First of all, our Netflix content data was downloaded in a CSV format from Kaggle (URL: https://www.kaggle.com/shivamb/netflix-shows). We defined a list that contains the names of all the columns we wanted to drop and removed the columns using the ‘drop’ function. Those columns were 'director', 'cast', 'listed_in', 'description'. Then, we renamed column 'country' to 'released_country' using the ‘rename’ function so it matches our relation schemas and ER diagram from the previous phases. Next, I removed the rows that contained null values in any of the columns using ‘dropna’ function. After removing any leading whitespace in 'date_added', the ‘date_added’ column was modified so that the original month day, year format (i.e. September 21, 2017) is converted to yyyy-mm-dd format (i.e. 2017-09-21). This was done so the date format matches the dates found in our other data. Finally, the cleaned data was written to a new csv file named “preprocessed_netflix.csv” which was then converted to a text file as “netflix.txt”.
Then, our Covid data was downloaded in a CSV format from Github (URL: https://github.com/owid/covid-19-data/blob/master/public/data/owid-covid-data.csv).
We defined an array of columns that we want to drop and passed that as a parameter for drop function in pandas dataframe. As a result, we were able to create a processed csv with five columns: country, date, total_case, new_case, new_case_per_million. Then, we removed the rows with null attributes using the dropna function of the data frame. Also, for our convenience, we have renamed the column names so that they match with the names that we used for our ER diagram. We have created a new column called ‘record_id’ by merging the following two columns: ‘date’ and ‘country’. In our previous ER diagram, we have indicated ‘date’’ as an only primary key of the Covid table, but we realized that it doesn’t work because multiple countries might have a covid report recorded on the same date. Hence, we merged the country’s name and date of record to create a unique primary key for the relation. After completing preprocess, we have converted the processed data into csv, then into txt file.

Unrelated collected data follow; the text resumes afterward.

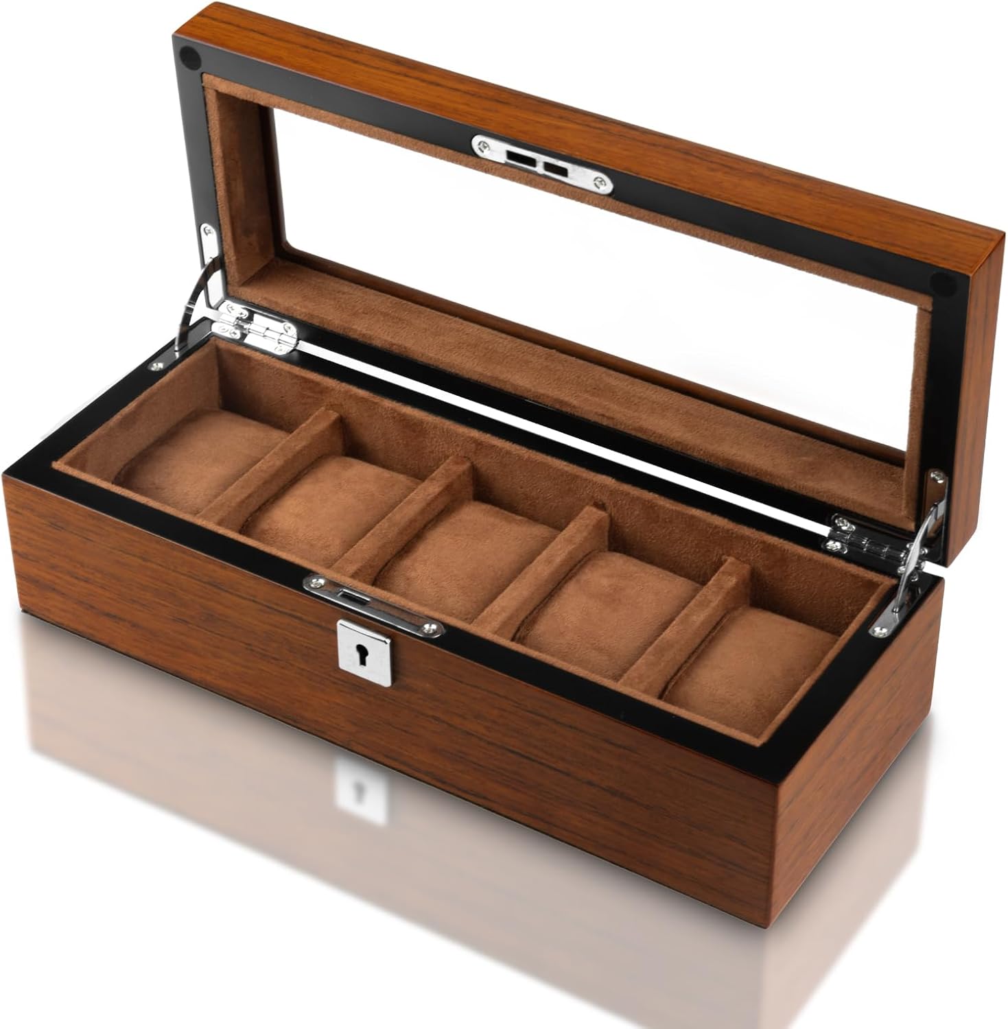5本 腕時計収納ケース 木製 時計ケース 腕時計収納ボックス 高級ウォッチボックス 透明窓付き ガラス天板 時計 コレクションケース 腕時計ケース 小物入れ 男女兼用 インタリア用 レザー製クッション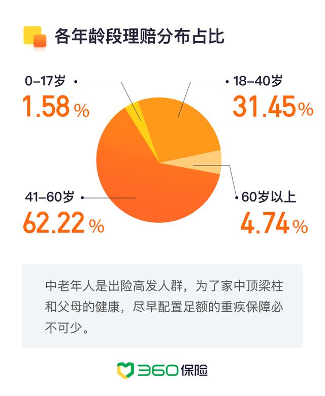 从赔付类型来看,360保险医疗险赔付占比76.5%,件均赔付金额约为6700元。重疾险占比21%,出险用户以41-60岁年龄段及恶性肿瘤人群为主。意外险个人累计最高赔付金额为51万元,摔伤骨折、扭伤是意外险出险常见原因。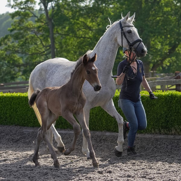 Sensation hat ihren Namen immer gerechtfertigt als eine atemberaubende Stute und hervorragende Bewegerin, abstammend von einer besonderen GP-Stute. Sie hat einige außergewöhnliche Fohlen hervorgebracht, darunter den großartigen Escanto-Hengstfohlen, den sie bei Fuß hat und den wir behalten werden. Daher ist sie nach dem Absetzen verfügbar, kann aber in der Zwischenzeit von Ihrem gewählten Hengst gedeckt werden, wobei die Kosten für Tierarzt und Samen vom Käufer getragen werden müssen. Sensation ist ein freundlicher, aber sensibler Typ in ihrem Charakter, weshalb sie sich nicht für einen großen, geschäftigen Stall oder grobe Handhabung eignet. Sie ist am besten geeignet für einen wissenden und freundlichen kleineren Stall als unseren großen, geschäftigen Stall. Im täglichen Umgang ist sie sehr einfach und völlig unkompliziert in der Herde sowie bei der Geburt und ist eine großartige Mutter. Sie leidet jedoch unter Sommerekzem und hat eine empfindliche Haut, weshalb sie in den Sommermonaten eine entsprechende Pflege benötigt, um Reizungen zu vermeiden, was am besten in einem kleineren Stall möglich ist, als wir es derzeit sind, um ihren Bedürfnissen gerecht zu werden. Im Gegenzug wird sie einige atemberaubende Nachkommen produzieren (keiner von ihnen hat von mehreren verschiedenen Hengsten Juckreiz geerbt).

Lastly, for our Netflix financial data, the initial CSV file was manually created as the financial data containing the data from 2019-2022 was not available for download in a CSV format elsewhere. The data was retrieved from https://www.macrotrends.net/stocks/charts/NFLX/netflix/income-statement?freq=Q. As a side note, the income statement of our interest is issued by companies every quarter of the year and thus, our data size could seem small relative to the other two data.